Vegan diet: A vegan diet is a form of vegetarianism where you only eat plant-based foods. Vegans eliminate all animal products from their diet. Unlike typical vegetarians, this also includes eggs, honey, and gelatin. Donald Watson created the term "vegan" in 1944 to describe someone who abstains from all animal products for various ethical reasons. While this term didn't exist until 70 years ago, we can trace evidence of people opting to avoid animal products back 2,000 years.
Let's take a look at last year's data from the Plant-Based Food Association:
The plant-based food industry has grown 54% in the last three years alone.
Plant-based food sales grew three times faster than total food retail sales. This translates to 7.4 billion dollars in plant-based food sales.
Plant-based milks are the most prominent growth driver for the entire milk industry. Plant-based milk contributed $105 million in growth.Meanwhile, animal-based milk declined, equalling a $264 million loss in the milk industry.
One 2017 study looked at the effectiveness of a plant-based diet in 49 overweight and obese adults who had at least one of the following:
Type 2 diabetes
High blood pressure
At both 6-month and 12-month follow-ups, study participants in the plant-based diet group significantly reduced their body mass index (BMI). This group also experienced reduced cholesterol levels.
A 2019 study also notes that people following a healthy plant-based diet experienced a lower risk of developing chronic kidney disease.
Choosing the right plant-based diet depends entirely on your existing health conditions, nutritional deficiencies, and lifestyle. For this reason, we recommend consulting with your doctor before adopting a new diet.
For instance, unlike vegans, Lacto-vegetarians can get their calcium, phosphorus, and vitamin D from dairy products. On the other hand, avoiding dairy and eggs can help vegans keep cholesterol levels low.
Vegans also experience a higher risk for an essential omega-3 fatty acid deficiency, especially EPA and DHA, even if they consume plant sources of these nutrients. DHA, in particular, is vital for proper brain function and cognition. Without these omega-3 fatty acids, you may experience brain fog and memory issues. Vegetarians and pescatarians can consume omega-3 fatty acids more easily via eggs and seafood.
It's important to note that many of these nutritional deficiencies can be resolved through thoughtful care.
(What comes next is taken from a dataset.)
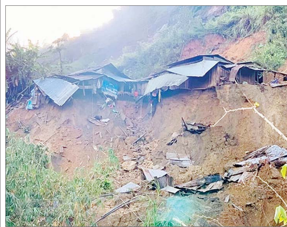
ဗီယက်နမ်နိုင်ငံရှိ မြေပြိုမှုဖြစ်ပွားခဲ့သည့်နေရာတွင် နေအိမ်များထိခိုက်ပျက်စီးမှုကိုတွေ့ရစဉ်။

ဟန့်ရှင်း အောက်တိုဘာ ၂၉ ဗီယက်နမ်နိုင်ငံအလယ်ပိုင်း ကွမ်နမ်ပြည်နယ်၌ အောက်တိုဘာ ၂၈ ရက်က မြေပြိုမှုဖြစ်ပွားခဲ့ရာ ၁၆ ဦး သေဆုံးခဲ့ကြောင်း ဗီယက်နမ်သတင်းအေဂျင်စီက ဖော်ပြသည်။ အဆိုပါနေ့အစောပိုင်းက သေဆုံးသူအရေအတွက် ရှစ်ဦးရှိရာမှ ၁၆ ဦးအထိ မြင့်တက်လာခြင်းဖြစ်ကြောင်း သိရသည်။ အောက်တိုဘာ ၂၈ ရက်ကလည်း ကွမ်နမ်ပြည်နယ် နမ်တရာမိုင်ဒေသရှိ တရာဗန်နှင့် တရာလန်တို့တွင် မြေပြိုမှုဖြစ်ပွားခဲ့သည်။ နောက်ထပ် တွေ့ရ သည့် အလောင်းရစ်လောင်းမှာ တရာလန်မှဖြစ်ကြောင်း သိရသည်။ မြေပြိုမှု အတွင်းပျောက်ဆုံးနေသူများကို တပ်မတော်သားများနှင့် ကယ်ဆယ်ရေးအဖွဲ့ဝင် များက စက်ယန္တရားများအသုံးပြုကာ ပိုင်းဝန်းရှာဖွေလျက်ရှိသည်။ သဘာဝဘေးအန္တရာယ်ကျရောက်မှုများကို ရင်ဆိုင်နေရသည့် ဗီယက်နမ် နိုင်ငံတွင် မြေပြိုမှုများအတွင်း ကျရောက်ခဲ့သူများနှင့်ပျောက်ဆုံးနေသူများကို အမြန်ဆုံး ကယ်ဆယ်နိုင်ရေးအတွက် ရန်ဒီသမျှနည်းလမ်းမျိုးစုံကို အသုံး ပြုကြရန်နှင့် ရှာဖွေကယ်ဆယ်ရေးလုပ်ငန်းများတွင် သဘာဝဘေးအန္တရာယ် တုံ့ပြန်ဆောင်ရွက်ရေးအဖွဲ့၊ ကယ်ဆယ်ရေးနှင့်ရှာဖွေရေးအဖွဲ့များ၊ တပ်ဖွဲ့ ဝင်များနှင့် ဒေသအာဏာပိုင်များ အတူတကွ ပိုင်းဝန်းကြီးပမ်းကြရန် ဗီယက်နမ် ဝန်ကြီးချုပ် ငုယင်စွမ်ဖေက တိုက်တွန်းတောင်းဆိုခဲ့ကြောင်း သိရသည်။ တိုင်ဖွန်းမုန်တိုင်း မိုလေ့သည် အောက်တိုဘာ ၂၈ ရက်တွင် ဗီယက်နမ် အလယ်ပိုင်းသို့ ဝင်ရောက်ခဲ့ရာ မိုးသည်းထန်စွာရွာသွန်းပြီး လေပြင်းများ တိုက်ခတ်ခဲ့သည်။ ဆင်ဟွာ

For instance, the Vegan Society recommends that people following this diet get their vitamin B12 through fortified foods and supplements, as these are the most reliable sources of B12 for vegans.
One 2019 study of 1,454 adults in South America showed that participants identifying as vegan had healthier diets and lifestyle patterns than other vegetarians. This group was more likely to exercise regularly, drink enough water, and get regular exposure to sunlight. The proportion of household income spent on food was also drastically lower among vegans than in participants with other dietary patterns.
If you're not sure if going vegan is right for you, start by talking with your doctor.
Here are some quick tips to help you get started with any plant-based diet:
Fill half your plate with vegetables. You can also eat vegetables as a snack with hummus, salsa, or guacamole.
The fats in olive oil, nuts, seeds, and avocados are healthier than those in butter. This quick and easy swap can help with your cholesterol levels.
Start your day with whole grains like oatmeal, quinoa, or buckwheat. To sweeten your meal, you can top these grains with fresh or diet fruit.